The sea, with its vast mineral stores, has been a source of essential salts since ancient times. But extracting pure minerals from sea water poses a challenge for chemists interested in harvesting minerals on the scale needed for industrial use.
Three years ago, a multi-disciplinary PNNL team led by Laboratory Fellow Pete McGrail devised a method to produce magnesium metal from salts extracted from sea water and other brine solutions. Their goal was to convert the salts into pure solid magnesium used in metal alloys useful to build lightweight aircraft and automobiles, among other things. Currently, magnesium is purified from raw ores in a manufacturing process that uses large amounts of energy, making it uneconomical for many countries, including the United States, to produce. Nearly all the world’s supply is currently produced in China.

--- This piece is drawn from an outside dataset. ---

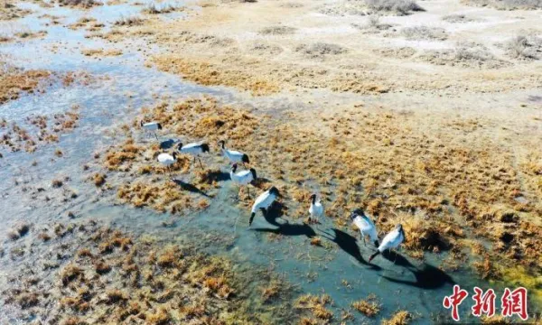 數(shù)十只黑頸鶴“如約而至”柴達木盆地都蘭湖濕地
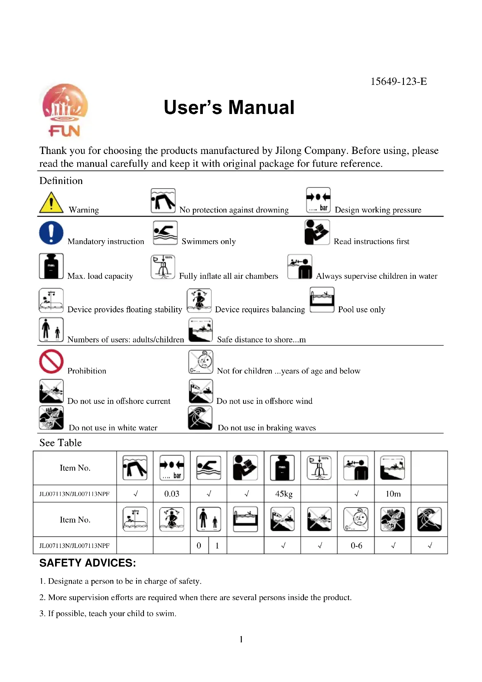 Thank you for choosing the products manufactured by Jilong Company. Before using, please read the manual carefully and keep it with original package for future reference. Definition Warning No protection against drowning Design working pressure Mandatory instruction Swimmers only Read instructions first Max. load capacity Fully inflate all air chambers Always supervise children in water Device provides floating stability Device requires balancing Pool use only Numbers of users: adults/children Safe distance to shore...m Prohibition Not for children ...years of age and below Do not use in offshore current Do not use in offshore wind Do not use in white water Do not use in braking waves See Table Item No.

Developing an economical way to harvest magnesium from sea water would help conserve energy and create a sustainable source of the economically essential metal. The research team embarked on the project supported by the Department of Energy’s Advanced Research Projects Agency - Energy (ARPA-E) to convert magnesium dissolved in sea water into a solid form as a first step in developing a sustainable industrial method. That process requires a key chemical transformation via a catalyst, a chemical compound that speeds up a reaction while remaining unchanged. The problem was that the most useful catalyst was not known.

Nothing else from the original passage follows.